Project: D2 Townhouse
Architects: Jake Moulson Architects
Location: Dublin, Ireland
Area: 8,072 sf
Photographs by: Courtesy of Jake Moulson Architects
D2 Townhouse by Jake Moulson Architects
The D2 Townhouse is an eclectic home located in Dublin, Ireland. This project has been developed by Jake Moulson Architects who have completely renovated this Dublin townhouse. It has been enriched with interiors that have dramatically excellent designs, full of custom-built furniture. Besides restoring the D2 Townhouse, the project encompassed an extension with new spaces and a completely new decor all around.
Situated in the heart of Georgian Dublin, a now largely commercial area, D2 Townhouse is a 5-storey dwelling, sandwiched between offices and car parks. Distinguishing it from neighbouring townhouses is its substantial garden, which contains one of the few remaining original coach houses in Dublin. This complete, rare Georgian domestic typology, with a simple classical façade to the rear, marks D2 as singularly important in conservation.
Discovered as an unoccupied office, in a state of extreme overgrowth and disrepair, and with a series of increasingly insensitive and utilitarian additions, when Jake Moulson was invited to begin work on the D2 Townhouse in 2013, it was in urgent need of attention.

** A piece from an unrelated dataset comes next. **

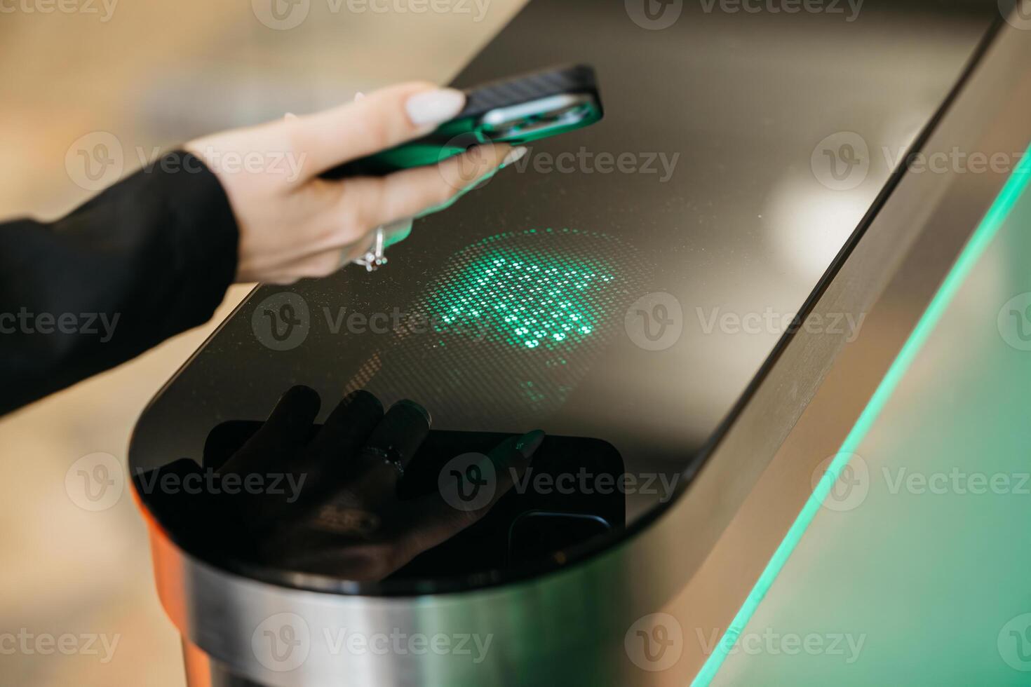 Hand of a woman using smartphone to interact with a modern biometric scanner, showcasing advanced technology and security features in a sleek environment with illuminated design elements Pro Photo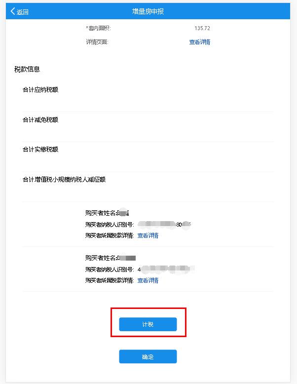 完成增量房信息采集后,便可通过该功能计算出应纳税款,完成该笔增量房交易的申报。具体操作如下:

Invited to restore the building to a single family home, Jake Moulson’s aim was to revive and amplify its original spirit, applying contemporary experimentation, daring and ingenuity, reigniting its spatial drama and making it an oasis in Dublin’s city centre.
Proposing D2 Townhouse as a nucleus for fantastical departure, JM’s approach has been holistic and itinerant. Looking to each corner and detail, and to all the building’s possible atmospheres, every aspect of it, both physical and historical, has been brought into rhythmic interplay.
Riffs are initiated between imagined pasts and projected futures, leading to gradations and non-sequiturs of materials, tones and technologies. Augmentation of the building’s existing, astonishing light, through interventions that allow it to flow between micro-spaces, makes each window, room and door a directional layer, opening onto the next.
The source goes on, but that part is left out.